In one instance, a physician from New York told her of his interest in Viz AORTIC, citing a patient from Brooklyn that died in the ambulance on the way to Manhattan because he was transferred too late. She remembered his words clearly: “If I’d had this technology in my hand, maybe I could have saved that guy’s life.”
That sentiment of democratizing life-saving care guides company morale. “There’s hardly a situation where I feel like I’m on an island. It’s usually all of us in a boat rowing really hard in order to get this done,” she said. “And the North Star that we’re rowing towards is making a meaningful difference in that patient’s outcome and that family’s life.”
From a client’s perspective, the work produced by the team improves quality of life, too — which translates to better patient care. This is especially important with the pandemic-induced burnout now rampant throughout hospitals. “It’s amazing to hear from our clinicians that say they can now be at their kid’s soccer game and not have to worry about having to be near a computer and a hotspot, or that they don’t have to leave the dinner table to go take a call because they can just look at their phone,” explained Strauss.
“If I’d had this technology in my hand, maybe I could have saved that guy’s life.”
The team is hardly a monolith, despite the company’s major role in the healthcare to healthtech industry pipeline. After all, Viz’s core products are still tech-oriented. But the moral compass that paves common ground for hundreds of employees was best exemplified during one memorable all-hands, according to Strauss.
“We had a guest speaker who was presenting our case studies,” the chief clinical officer recalled passionately. “Everybody in the chat, from engineers to finance, thought it was amazing.
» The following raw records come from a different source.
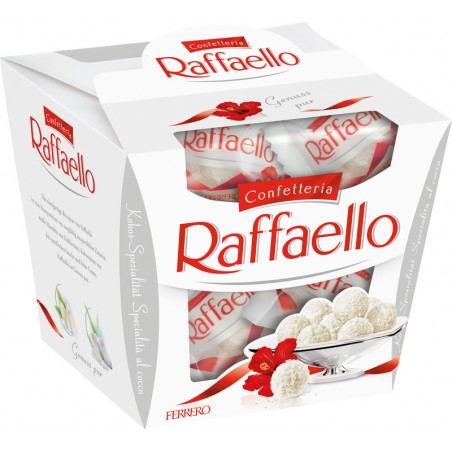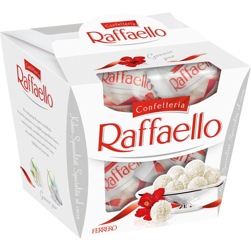 RAFFAELLO Kokos-Mandel-Konfekt weisse Mandel, eingebettet in feine Milchcreme mit dem Besten aus entrahmter Milch, umhüllt mit knuspriger Waffel und zartem Kokos. Packung zu 150 g.
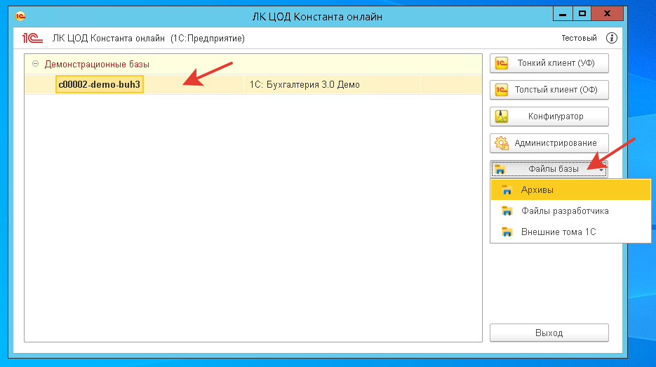 Для доступа к каталогам базы необходимо зайти в Личный кабинет, выделить необходимую базу и нажать на кнопку "Файлы базы":
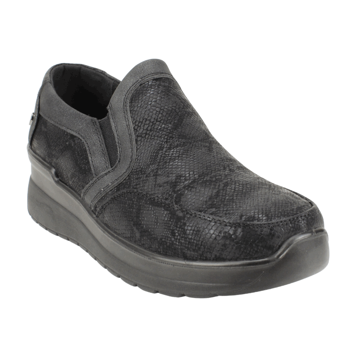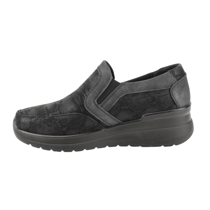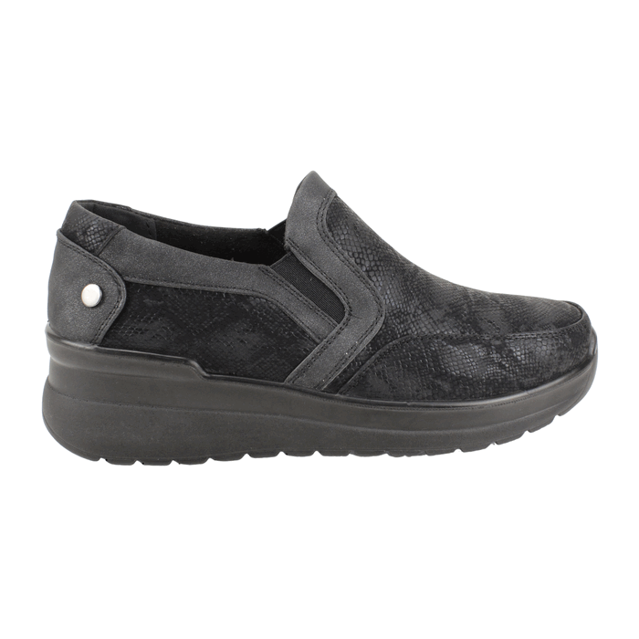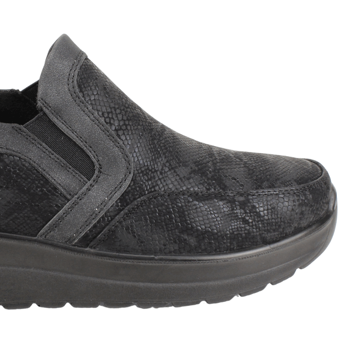 Zapatos de Mujer New Walk color negro. Estilo Casuales. Estos modernos zapatos tipo slip-on para mujer son la combinación perfecta de comodidad y estilo. Con un diseño versátil y contemporáneo, presentan una atractiva textura de piel de serpiente en tonos oscuros que les da un aire sofisticado y a la moda. El calzado cuenta con elásticos laterales ocultos que garantizan un ajuste perfecto y fácil de poner, mientras que la suela de plataforma de altura media ofrece una elevación discreta y un soporte inigualable para el uso diario. Son ideales para quienes buscan un calzado que se adapte a cualquier ocasión, desde la oficina hasta un paseo casual. Ajuste tipo Slip On. Plataforma de 5 cm de alto y caña de 5,5 cm de altura.
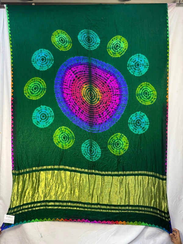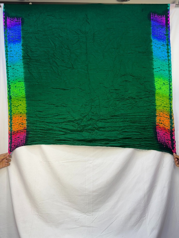 - Color & Work: A all over green saree adorned with intricate Hand Made Bandhani, designed to make it stand out on festive and wedding occasions.
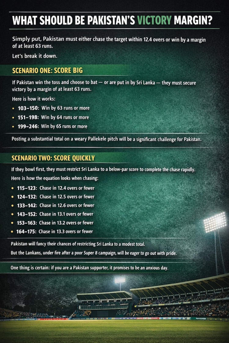 If Pakistan win the toss and choose to bat — or are put in by Sri Lanka — they must secure victory by a margin of at least 63 runs.
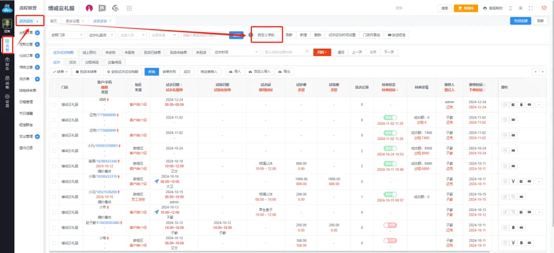 最近很多礼服馆反应当下各位新人有较高的防范意识,在平台咨询约试纱不愿提供手机号码,导致在 #博诚云爱尚礼服租赁系统 上无法录入客资,约试纱档期,那么小编根据各大礼服馆提供的建议和综合考虑当下社会现状,更新了登记试衣时手机号码非必填设置
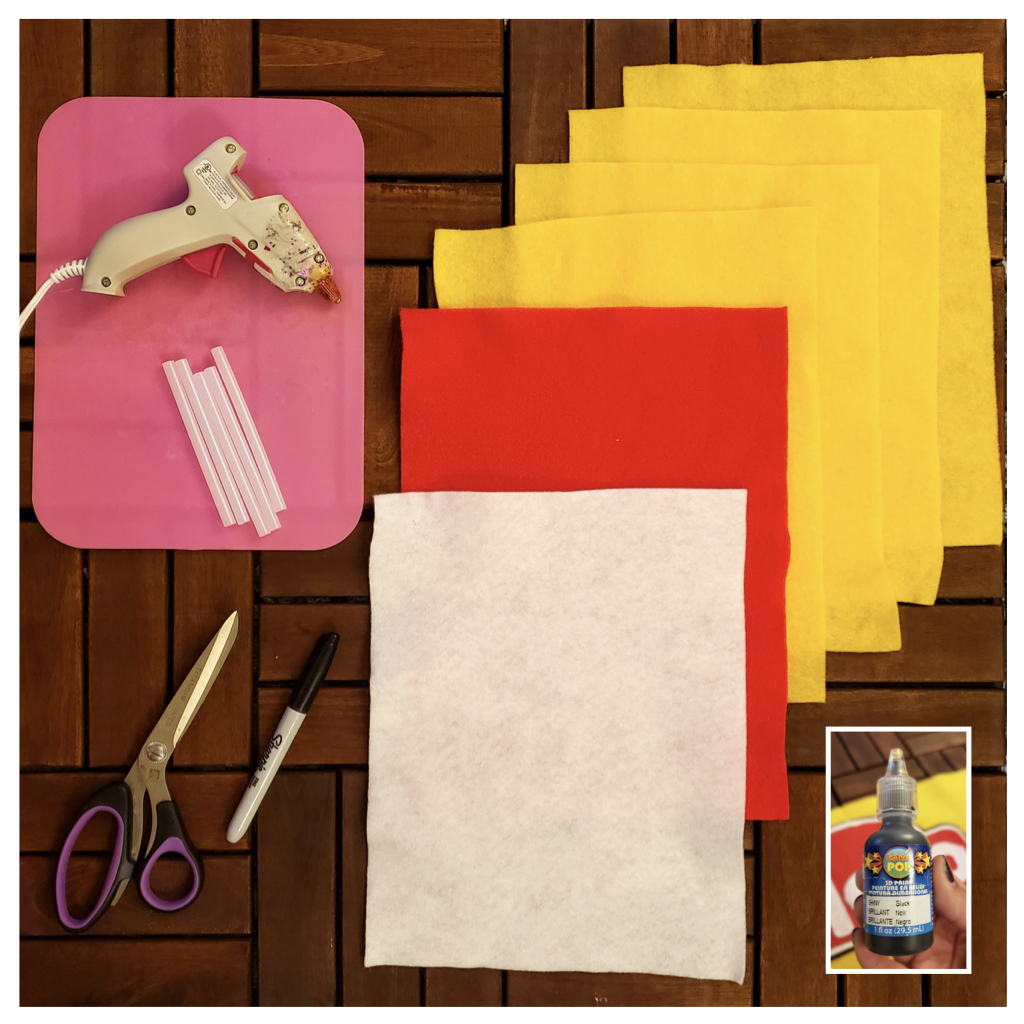 - A few sheets of yellow felt: The number of felt sheets you need will depend on your waist size so measure your stomach and waist area before buying the yellow felt. These can be found at a dollar store. I bought 4 sheets.
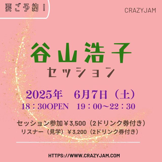 谷山浩子セッション<2025年 春> 開催決定! 皆様のご参加を心よりお待ちいたします。 ■ 2025/6/7(土)谷山浩子セッション ■ OPEN 18:30 START 19:00 会場/立川CRAZY JAM 東京都立川市高松町2丁目26−3 B1 https://www.crazyjam.com/ 参加費 / 3500円(2ドリンク込み) リスナー / 3200円(2ドリンク込み) ホストプレイヤー Ino Gt. Bs. エントリー・セットリスト表 https://docs.google.com/spreadsheets/d/1zOMCwGLuf8uARJVVw2m5P3mAZePiK6CsXc0DAWUYZrk/edit?usp=sharing チケットサイト

This is why we do what we do.”
Viz’s app has a very unique alert sound, to the point where families of physicians recognize the jingle and will often know that they might have to go. Having this life-changing tool anchor the work lives of healthcare professionals is ultimately the goal for Strauss and her ambitious crew.
When “time is brain” and every second counts, it’s a matter of getting the right technology into as many relevant hands as possible. “Here, you’re able to truly help evolve how healthcare is delivered,” said Strauss. “That is really the driver and how we’re making a difference.”